Rabu, 30 Juni 2010

Kau Kekasihku, Dulu..

Aku baru saja keluar dari pintu kantor salah satu klienku sebuah perusahaan yang bergerak di bidang operator sellular, di sebuah komplek perkantoran di daerah bekasi. Baru saja aku menjejakkan kaki di parkiran ketika tiba-tiba telpon gengam ku berbunyi , sebuah telpon dari salah satu klienku yang berkantor di daerah Jakarta pusat, dia menelpon untuk mengatur jadwal meeting untuk membahas susunan jadwal proyek interior dan segala surat-surat perizinan serta penyelesaian administrasi.
Di tengah percakapan kami secara tidak sengaja aku melihat seorang wanita berdiri di anak tangga salah satu bank swasta yang cukup ternama di Indonesia, wanita itu memandang kearahku tetapi aku tak begitu memperhatikannya dan mengalihkan pandanganku kearah lain sambil terus melanjutkan pembicaraanku dengan klienku.
Akhirnya pembicaraan kami pun selesai setelah menyetujui pertemuan pada hari senin setelah jam makan siang karena besok sabtu dan minggu adalah hari libur.
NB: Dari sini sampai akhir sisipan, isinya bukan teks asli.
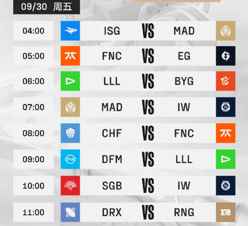 第二天RNG和MAD的比赛,安排在早上10点,而且这一天开始进入十一假期,LPL观众们会有非常充分的时间来看世界赛了。而对于LCK观众来说,DRX有2场比赛,时间分别是早上9点和中午11点,想看LCK的观众们时间也很好。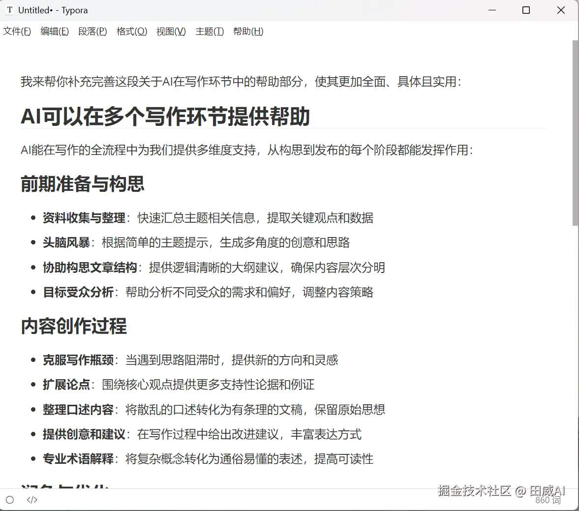 这种从混沌到清晰的蜕变过程,恰恰是 AI 辅助写作的魅力所在。

Tanpa sengaja pandanganku beralih kembali kearah bank swasta itu dan kulihat wanita itu tetap berdiri disana dan masih memandang kearahku, aku penasaran, mulai kuperhatikan wanita itu dan aku mulai sadar bahwa wanita itu sedang menanggis memandang kearahku.
Dadaku mulai berdegup kencang, badanku bergetar dengan hebat, ya, itu adalah adinda, wanita yang kucintai, wanita yang telah menjadi pacarku selama 9 tahun, wanita yang telah menghilang dari kehidupanku 8 bulan yang lalu. Belum selesai keterkejutanku, adinda berlari menuruni anak tangga itu dan langsung menuju kearahku.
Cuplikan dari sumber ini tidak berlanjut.